Open spring-projects-issues opened this issue 7 years ago • 4 comments

lnevaril opened DATAMONGO-2129 and commented

Framework spring-data-mongodb provides possibility to register own listeners for the lifecycle events through extending generic AbstractMongoEventListener<T>. All lifecycle events are processed by SimpleApplicationEventMulticaster and corresponding listeners are invoked. For each lifecycle event all listeners extending AbstractMongoEventListener are invoked even though the generic type is different and the filtering is done in AbstractMongoEventListener instances method onApplicationEvent but it could be done in the higher level in the event multicaster through existing facility. This fact has significant performance impact on the database queries (in our application by order of magnitude for findAll operations). Spring framework offers possibility to determine the type of generic events correctly by implementing ResolvableTypeProvider, for example org.springframework.context.PayloadApplicationEvent implements it. Is there any reason to not to implement the ResolvableTypeProvider interface in the MongoMappingEvent to reduce the number of invoked listeners for all lifecycle events only to the desired ones? For example during the findAll operation on collection it would reduce the overhead of calling all listeners for each collection's object.

 

Consider following example:

  There are three simple classes User, Category and Item and for each domain object there is a repository. Moreover, there are AbstractMongoEventListeners for each domain object.  

@Component
public class UserMongoEventListener extends AbstractMongoEventListener<User> {

   @Override
   public void onAfterLoad(AfterLoadEvent<User> event) {
      super.onAfterLoad(event);
   }

   @Override
   public void onAfterConvert(AfterConvertEvent<User> event) {
      super.onAfterConvert(event);
   }

   @Override
   public void onBeforeConvert(BeforeConvertEvent<User> event) {
      super.onBeforeConvert(event);
   }

}

 

@Component
public class CategoryMongoEventListener extends AbstractMongoEventListener<Category> {

   @Override
   public void onAfterLoad(AfterLoadEvent<Category> event) {
      super.onAfterLoad(event);
   }

   @Override
   public void onAfterConvert(AfterConvertEvent<Category> event) {
      super.onAfterConvert(event);
   }

   @Override
   public void onBeforeConvert(BeforeConvertEvent<Category> event) {
      super.onBeforeConvert(event);
   }

}

  

@Component
public class ItemMongoEventListener extends AbstractMongoEventListener<Item> {

   @Override
   public void onAfterLoad(AfterLoadEvent<Item> event) {
      super.onAfterLoad(event);
   }

   @Override
   public void onAfterConvert(AfterConvertEvent<Item> event) {
      super.onAfterConvert(event);
   }

   @Override
   public void onBeforeConvert(BeforeConvertEvent<Item> event) {
      super.onBeforeConvert(event);
   }

}

 

Consider there are 1000 Item objects in the database and findAll method is called on this collection. Events AfterLoadEvent and AfterConvertEvent are published for each Item document.

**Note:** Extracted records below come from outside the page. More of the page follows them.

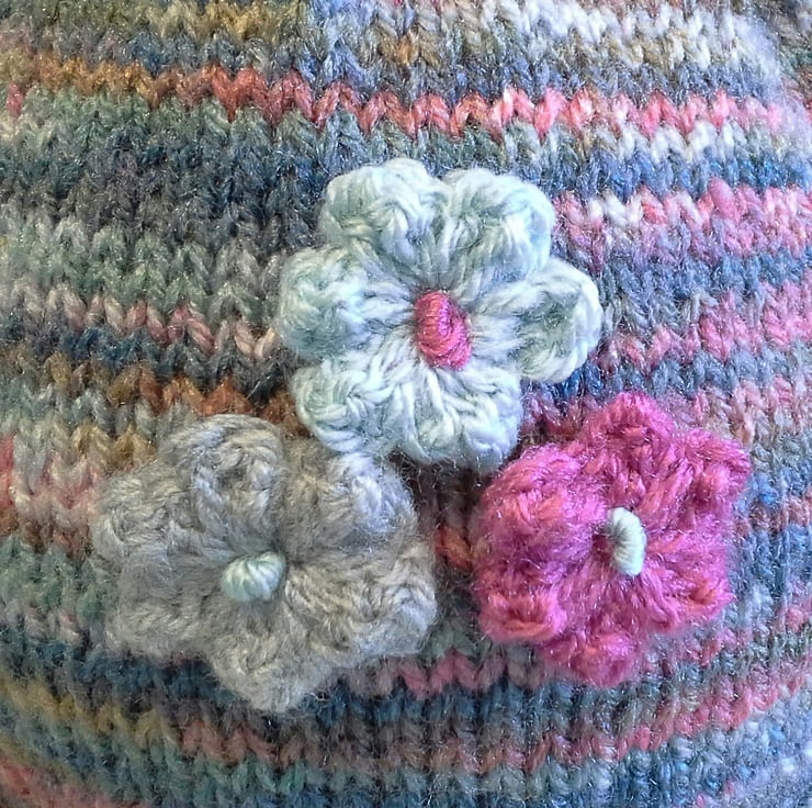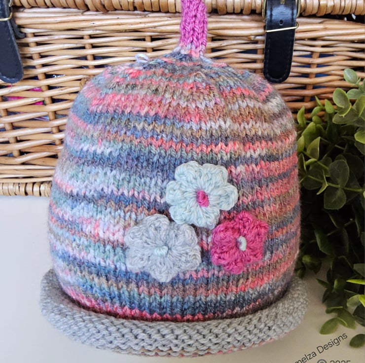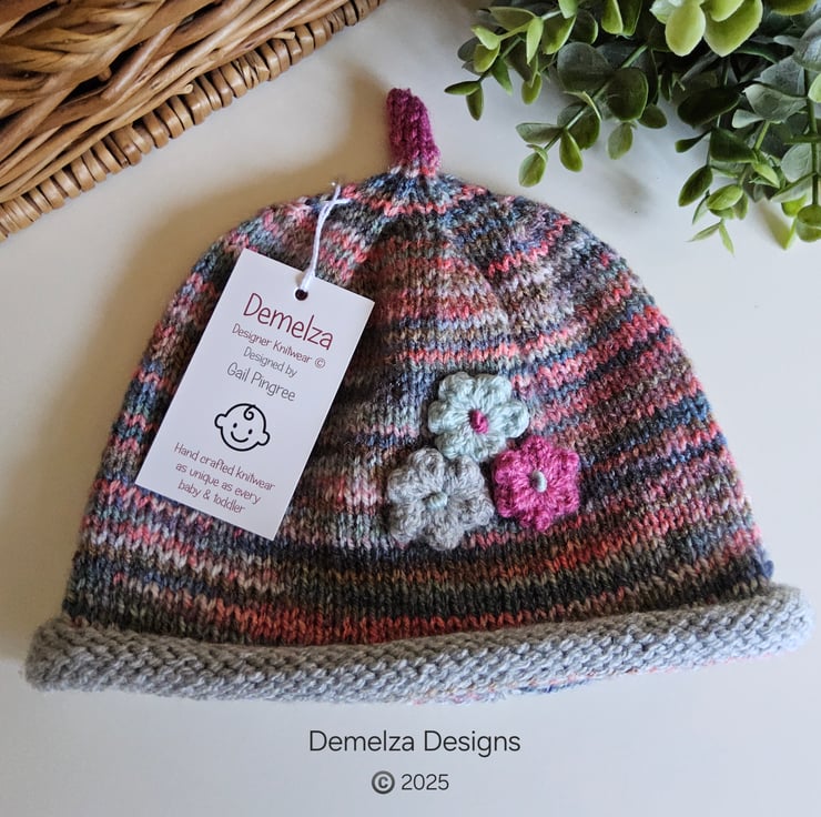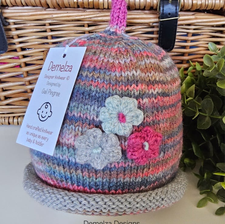 A sweet practical hat for a toddler lovingly designed and totally hand crafted in Cornwall. It has been made from British manufactured quality premium acrylic yarns which are machine washable at low temperature settings. The flowers have been hand crotcheted with french embroidery knots in the centre. The rim can be rolled up or down to the required depth of child's head. On the back side seam the soft damask Demelza Designs garment label has the care instructions woven within it. A branded garment swing tag is attached to the front providing a professional finish if gifting.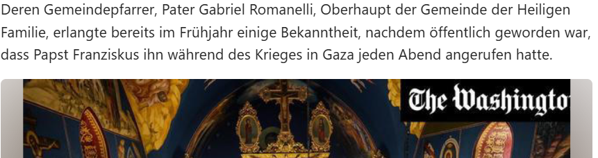 Ein Anruf der Hoffnung verbreiten sollte und es wahrscheinlich auch gemacht hat. Der Anruf hatte noch eine andere Funktion. Er beschützte alle, die sich in der Kirche befanden vor terroristischen Mördern. Meiner Meinung der Mordanschlag vom 17.juli kein Zufall sondern ein Test Ein test auch für Papst Leo. Er möchte wissen wie wchtig Gaza für diesen Papst ist ermeint mit jesus von Nazareth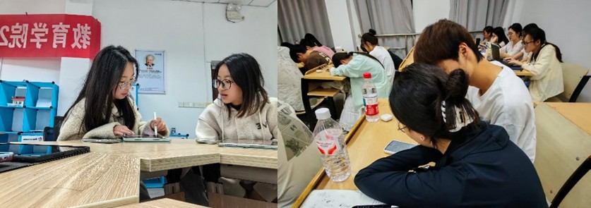 班级每月开展“云分享”:交流同学结合在南丹麦大学的课程学习与当地幼儿园观摩经历,系统拆解了当地特色教育模式:户外教育如何以“自然环境为课堂”开展感官训练,阶梯式学习怎样适配不同儿童的发展节奏,对话教学如何通过“平等提问”激发儿童表达,合作教育又如何借助不同教师的特色与擅长点进行多元教学。每场分享后,班级同步开展“理念落地小研讨”,将这些方法融入教案设计、手工实训等环节,比如在模拟授课中尝试“对话式引导”,在技能练习里加入“小组协作任务”。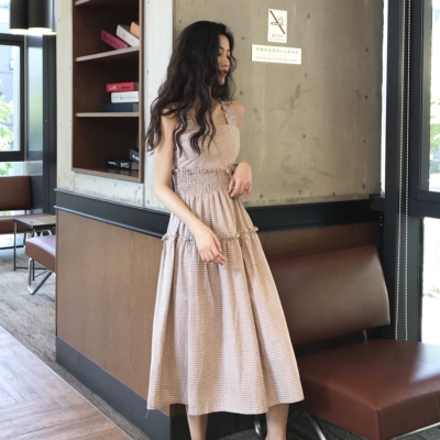 Dora Chaoren Hall Hồng Kông hương vị retro chic gỗ hoang dã tai eo eo là ren mỏng kẻ sọc váy nữ mùa hè váy cắt eo

  By default event multicasting is done by SimpleApplicationEventMulticaster. ResolvableType of MongoMappingEvent is org.springframework.data.mongodb.core.mapping.event.AfterLoadEvent<?>, therefore, getApplicationListeners(event, type) returns all defined AbstractMongoEventListener instances (in fact it returns all listeners registered for Spring's ApplicationEvent).  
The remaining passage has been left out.